Re: [PATCH] oidmap: map with OID as key

Jeff King <peff@xxxxxxxx> · Thu, 28 Sep 2017 16:05:57 -0400

On Thu, Sep 28, 2017 at 10:46:16AM -0700, Jonathan Tan wrote:

> > To me it seems like a much simpler API for a map would be to just allow
> > callers to store a 'void *' as the value.
> 
> I agree that the API would be simpler.
> 
> My main motivation with this design is indeed to save memory, and not
> inconvenience the user too much (in the case where you're storing things
> larger than one pointer, you just need to remember to put the special
> struct at the beginning of your struct), but if memory is not so
> important, I agree that we can switch to the "util" design.

When I saw that you were implementing "oidset" in terms of "oidmap", I
was all ready to be crabby about this extra memory.

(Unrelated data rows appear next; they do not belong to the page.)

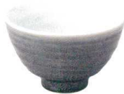
5412945 けずり茶漬井 ¥950 D13.2 H8.4
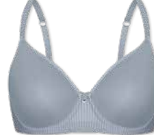
24394 | Spacer-BH / spacer bra / SG spacer B-E | 75-95 FLEXICUP Cup Material / coupe le matériel: 90% Polyamid / polyamide 10% Elasthan / elastane / élasthanne
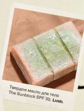
Твердое масло для тела The Sunblock SPF 30, Lush .
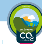
ZNAČKA SNIŽUJEME CO 2 A POMÁHÁME OSTATNÍM

Doplňující varianta k prvnímu stupni zapojení SLEDUJEME CO 2 rozšířenému o souběžnou podporu ověřeného veřejně prospěšného offsetového projektu.
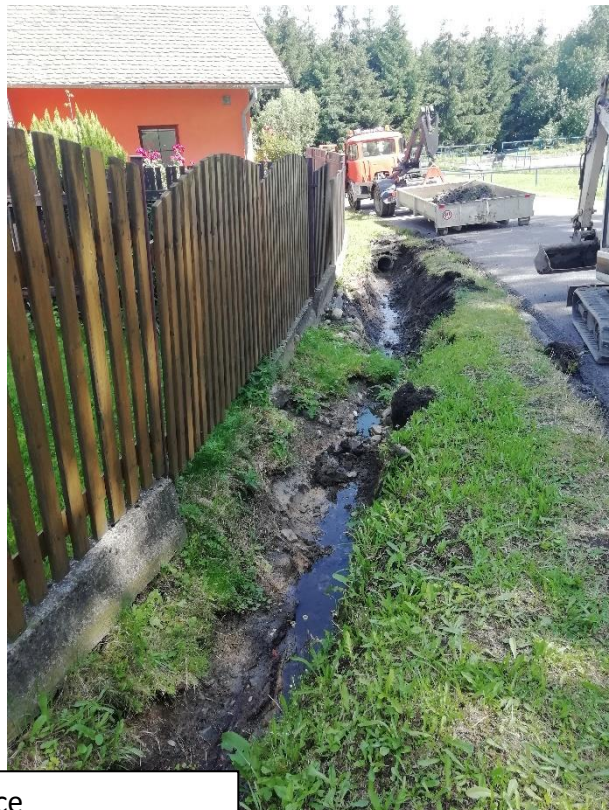
Sušice poškozené zatrubnění části příkopu a následná oprava
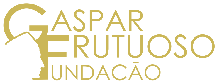
Versão Logo Cheio
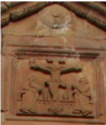
تصویر ۹. تصویر به صلیب کشیدن مسیح. عکس: گلناز کشاورز، ۱۳۸۹.

But then I saw that
the implementation tries hard not to waste any memory. :)

All of which is to say I gave this some thought when I was in the "ready
to be crabby" phase, and came to the conclusion that it probably isn't
that painful. An unused pointer is 8 bytes per entry. We're already
spending 20 for the oid itself (which is likely to grow to 32
eventually), plus 8 for the chained "next" pointer. Plus potentially 8
for a padded version of the hash, if we just use a straight hashmap that
duplicates the hash field.

So depending how you count it, we're wasting between 28% (sha1 and no
extra hash) and 16% (sha256 plus reusing hashmap). That's not great, but
it's probably not breaking the bank.

Another way of thinking about it. Large-ish (but not insane) repos have
on the order of 5-10 million objects. If we had an oidset that mentioned
every single object in the repository, that's 40-80MB wasted in the
worst case. For current uses of oidset, that's probably fine. It's
generally used only to collect ref tips (so probably two orders of
magnitude less).

If you're planning on using an oidset to mark every object in a
100-million-object monorepo, we'd probably care more. But I'd venture to
say that any scheme which involves generating that hash table on the fly
is doing it wrong. At at that scale we'd want to look at compact
mmap-able on-disk representations.

So I think we may be better off going with the solution here that's
simpler and requires introducing less code. If it does turn out to be a
memory problem in the future, this is a _really_ easy thing to optimize
after the fact, because we have these nice abstractions.

-Peff